The Crown does not seek to rely on the evidence of the girl's father and mother, in the upshot, to establish the girl's age as below sixteen. Her parents are sturdy, unlettered village folk now living in the ex-servicemen's village at Situm. They evince little knowledge of ages, years and the passage of time. But they both averred that the child concerned was born after Ajai Lomba her father, had left the police force after many years of service, and before the family took up a block in Situm.


Dr. Gibson Nad, a Papua New Guinean doctor of some seven years experience, gave evidence that during that period he had examined a number of girls to estimate their age and that he examined the girl Lode in October 1974. She was then pregnant some four to five months. On her general appearance the scant nature of her pubic hair, and her breast development; he estimated her age then at between thirteen and fourteen. He agreed that he was not then examining her specifically to estimate her age. But his qualifications for doing so - that is estimating her age, were scarcely challenged, and his veracity not at all. I accept this witness's evidence.
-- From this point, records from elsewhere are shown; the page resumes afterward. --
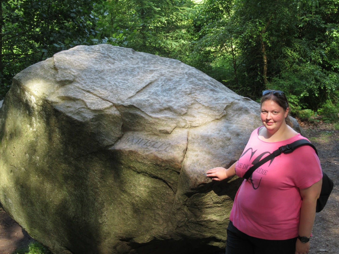 Efter vores bison-eventyr kørte vi mod Paradisbakkerne nær Nexø, for at se den "rigtige" rokkesten. Der er åbenbart flere rokkesten på Bornholm - men nu vil vi se Rokkestenén! Det var vi ikke de eneste der ville... Vi har generelt bemærket, at der i løbet af de sidste par dage er kommet RIGTIGT MANGE turister til øen. Så vi er begge glade for, at vores Bornholms-tur er ved at være slut. Men parkeringspladsen ved Rokkestenen var i hvert fald fuld. Så vi måtte parkere langs vejen i stedet. På vej ind til Rokkestenen havde vi læst, at man kunne skyde genvej ved at gå til venstre, på et eller andet tidspunkt... Men det var TYDELIGVIST ikke der hvor vi valgte at gå til venstre. Vi kom ud på en sti (hvis man kan kalde den det), som gik i svært fremkommeligt terræn, op og ned, ad klipper og bakker i skoven, med trærødder som hele tiden prøvede at spænde ben for os. Vi var lige ved at give op, men fortsatte alligevel frem, indtil vi - omsider og heldigvis - nåede Rokkestenen. Vi fik taget de obligatoriske billeder, og Thomas var lige ved at vælte Rokkestenen omkuld i sit forsøg på at rokke den. På tilbagevejen fulgte vi den afmærkede rute, som gik ad en næsten plan grussti, hele vejen tilbage til parkeringspladsen...!!!
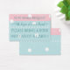 Trae un libro "Baby Peek-a-Boo Pink/Blue" Tarjeta de inserción / Personalize Disfruta de esta linda tarjeta de inserción de "Bring-a-book" para la diversión de la ducha de bebé. Este diseño "Baby Peek-a-Boo Pink/Blue" de dos caras es fácil de personalizar en el frente y en la espalda. Simplemente borra el texto y agrega tu propio mensaje. Elija su estilo de fuente, tamaño y color favoritos. Esta colección "Baby Peek-a-Boo Pink/Blue" también tiene placas de libros a juego, invitaciones, pegatinas y mucho más. Muchas gracias por detenerse y ir de compras. ¡Siempre apreciado! ¡Feliz Baby Shower! Tamaño: tarjeta de visita de tamaño europeo, 3.346" x 2.165" Cuando se trata de tu negocio, no esperes a la oportunidad, crearla! Deja huella con unas tarjetas de calidad que impresionen a todo el mundo. Tarjetas de visita de tamaño estándar en Europa, ¡ideales para nuestros amigos europeos! Dimensiones: 3,346" x 2,165" Proceso de impresión CMYK a todo color Impresión a doble cara sin costo adicional 100% de satisfacción Garantía de tipo de papel: Matte estándar A clásico, todo alrededor del papel con un toque natural y un acabado mate sin recubrir; nuestro mate estándar representa la prueba del tiempo. Los colores impresos son más suaves y tenues, dándole un toque elegante y sutil a tus diseños. Espesor de 17,5 pt / peso de 120 lb / 324 GSM El acabado mate claro blanco sin revestir con una textura de concha de huevo El papel es fácil de escribir y no se mancha Fabricado e impreso en los Estados Unidos
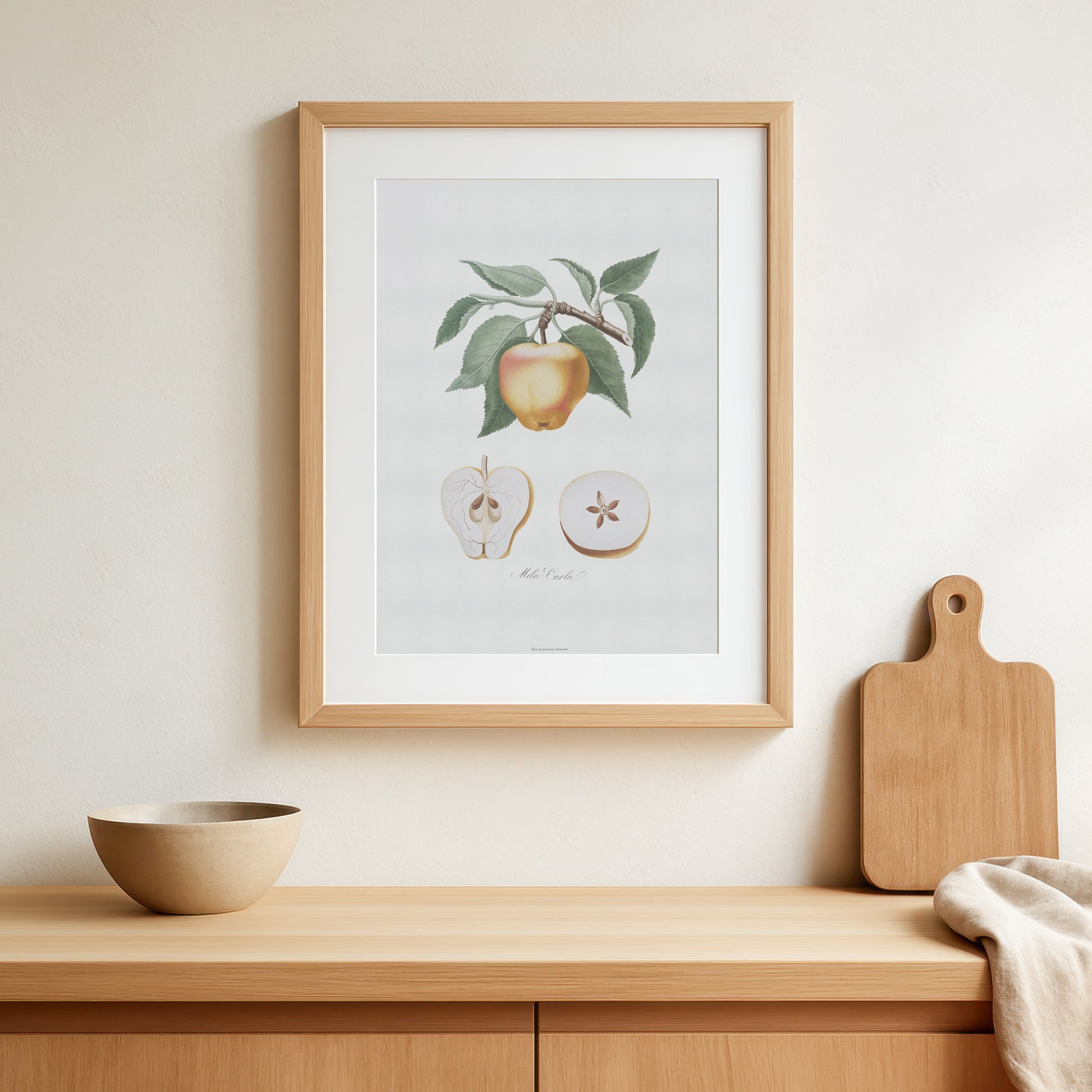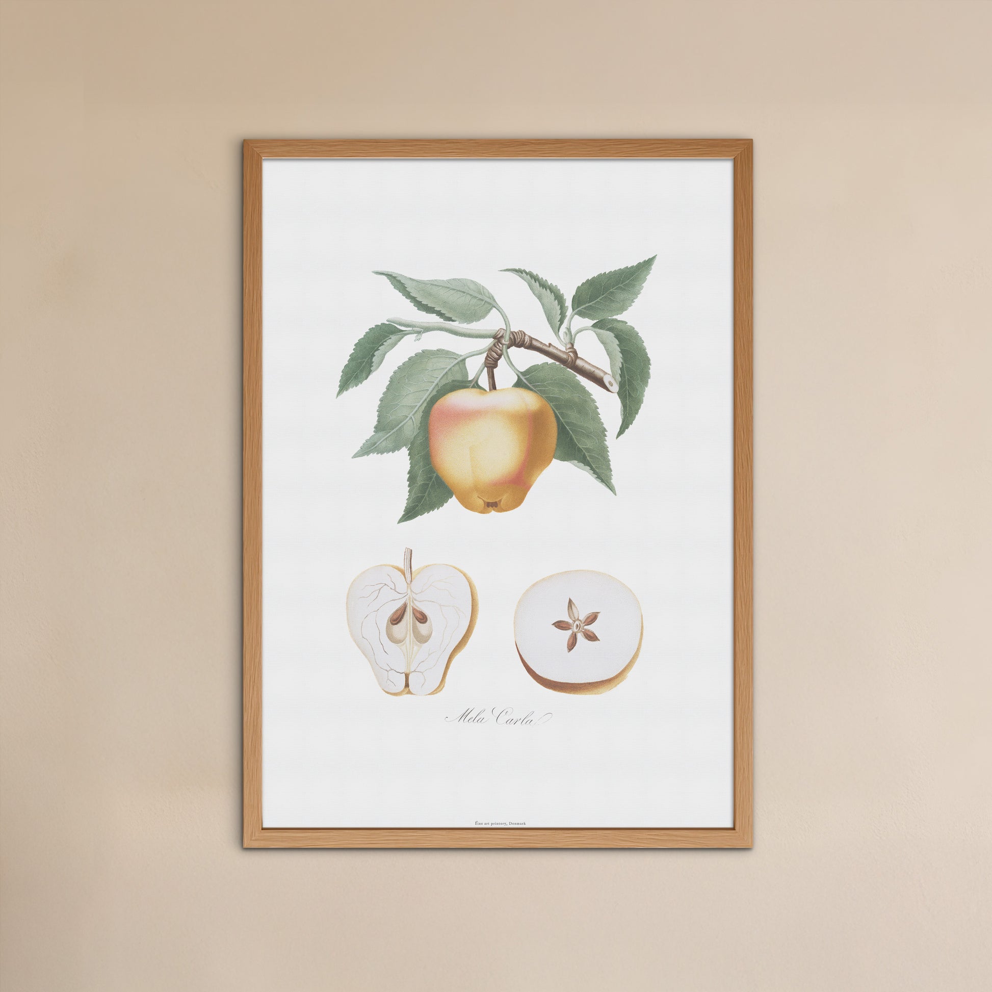 Denne plakat er perfekt til at skabe en rolig og sofistikeret atmosfære i køkkenet, spisestuen, eller et hyggeligt hjørne af stuen. Den er en ideel gave til æbleelskere, haveentusiaster eller enhver, der værdsætter klassisk botanisk kunst.

It is also supported by the girl's uncle Lambi Kanon who stated he left the police force in 1954, later in time than Lombo was discharged. I accept that this witness left his village to go to Situm in the year 1962, and that at that time Lode had been born but was very small, not walking and being breast fed.


I have myself observed the girl clothed in Court. She is now at the end of her term obviously. Her breast development is visible. From her head and face, the stature and general appearance of her body; were it necessary for me to rely on s.20B of the Evidence Act (New Guinea) I would readily do so; as I formed the clear impression that she is probably thirteen or fourteen and certainly not sixteen even now.
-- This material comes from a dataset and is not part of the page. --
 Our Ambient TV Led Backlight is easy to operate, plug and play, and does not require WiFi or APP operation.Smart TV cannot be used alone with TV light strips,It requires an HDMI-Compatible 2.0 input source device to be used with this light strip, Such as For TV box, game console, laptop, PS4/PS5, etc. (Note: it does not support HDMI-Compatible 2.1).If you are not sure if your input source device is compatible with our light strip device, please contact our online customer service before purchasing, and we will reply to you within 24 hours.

I therefore find established beyond reasonable doubt that in July 1974 Lode was under the age of sixteen.


Mr Kaputin urges upon me Clarkson, J's interesting judgment in The Queen v. Philip Boike Ulel[1] in support of his second submission. I do not wish to add to what I have said in Reg. v. Paul Wanigu[2] as to that aspect of His Honour's reasoning which is relevant here.


But even were I disposed to seek to apply the exculpatory provision in the Section, in the way Clarkson, J. did, I can find no basis for doing so herein. It is for the defence to establish such an exculpatory belief on a balance of probabilities. In his statement from the dock the accused did not speak of any belief of his as to the complainant's particular age, or her readiness in village custom for marriage. In a Record of Interview in response to the question "Do you know how old is the girl"; he replied "I don't know how old she is". And to a further - "Is she your own size or not", he replied "No she is too young". In his statement to the District Court evidence being given on oath by him; he stated "It is true that I had done wrong thing by having sexual intercourse with a girl whose age is well below the consent age".


It thus appears that an argument in this regard is being urged by his counsel, rather than by the accused himself in his statements or evidence. I am satisfied in any event from the girl's appearance now that he could not have entertained a reasonable belief in July 1974 that she was of marriageable age even on Clarkson, J's interpretation of the Section.


I find the case established. I convict the accused.


___________________


Solicitor for the Crown: P.J. Clay, Crown Solicitor.
Solicitor for the Accused: N.H. Pratt, Acting Public Solicitor.